You don't out-engineer an AWS outage with Turbine. You just stop being the single point of failure: the human who has to be awake, online, and paying attention for the bot to stay safe. You describe the strategy, set the limits, and the operational layer runs underneath it. See Turbine Studio plans.

Frequently Asked Questions

Can I really leave a prediction market bot running for weeks unattended?

Yes, if it has the operational layer this guide describes. The bot placing trades is the easy part. Staying alive, bounded, and in sync with the exchange is what lets you step away. Without kill switches and reconnect logic, "unattended" just means unsupervised while it breaks.

What's the single most important safety feature to add first?

A drawdown circuit breaker. Knight Capital lost $440 million in about 45 minutes in 2012 when no kill switch stopped a misbehaving system (Wikipedia, 2012). One rule prevents the catastrophic outcomes: stop trading at a set drawdown. Everything else is refinement on top of that.

How do I get alerted if my bot silently disconnects?

Use a dead-man's switch. Your bot pings an external uptime monitor every minute; if the monitor stops hearing from it for a few minutes, it pages you. Because a silently disconnected bot believes it's fine, this external check is the only reliable way to catch the failure.

How often should I actually check it?

About 30 minutes a week is enough once the automation is in place.

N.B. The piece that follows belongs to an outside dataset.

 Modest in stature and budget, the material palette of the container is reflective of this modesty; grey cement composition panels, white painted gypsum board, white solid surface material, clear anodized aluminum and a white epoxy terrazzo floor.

You're reviewing the equity curve, drawdown, reconnect log, and fill quality, not individual trades. If you feel the need to check daily, that's usually a sign your alerting isn't trustworthy yet, not that the bot needs you.

Do I have to code all of this myself?

No. You can build it from scratch (see our Kalshi bot guide) or use a platform that ships it. Tools like Turbine Studio include the backtest gate, plain-English risk limits, and a managed 24/7 runner, so the operational layer is handled rather than hand-built.

The Bottom Line

Set-and-forget automation isn't about a smarter strategy. It's about the boring infrastructure that keeps an ordinary strategy alive and bounded while you're not looking:

  • The plumbing fails before the strategy does. Silent disconnects and missing kill switches kill more bots than bad signals.
  • Alert on anomalies, not trades. Only about 3% of alerts ever need immediate action (incident.io, 2025), so a per-trade ping channel is one you'll mute.
  • A drawdown circuit breaker is the highest-leverage line of code you'll write. A 50% hole needs a 100% climb to fill (TradeZella, 2025).
  • Reconcile via REST after every reconnect, or your bot trades on a frozen order book it thinks is live.
  • Thirty minutes a week beats five anxious minutes a day. Once the four automated layers run, the human job is just review.

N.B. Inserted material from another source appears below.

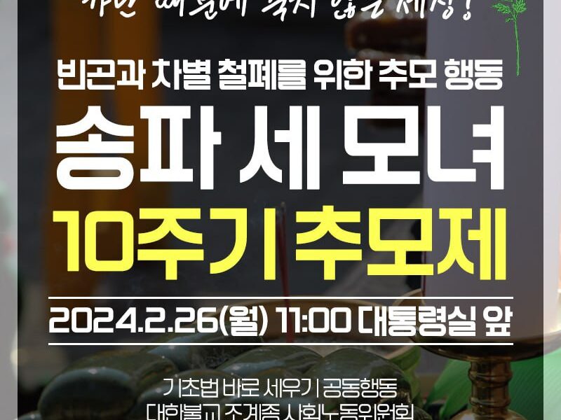 기초생활보장법바로세우기공동행동, 대한불교조계종사회노동위원회, 장애인과가난한이들의3대적폐폐지공동행동은 송파 세 모녀와 가난과 차별로 인해 세상을 떠난 이들을 추모하고, 반복되는 죽음을 멈추기 위한 제도 개선을 요구하기 위해 다음과 같이 ‘송파 세 모녀 10주기 추모 행사’를 진행한다.

The bots already winning prediction markets aren't being watched around the clock. They're built so they don't need to be. Start with Turbine or wire the layers yourself. Just stop being the reason your bot is only as reliable as your attention span.


This article is for educational purposes only. Prediction market trading involves substantial risk of loss. Past performance does not guarantee future results. Always check current platform rules and applicable regulations in your jurisdiction before trading.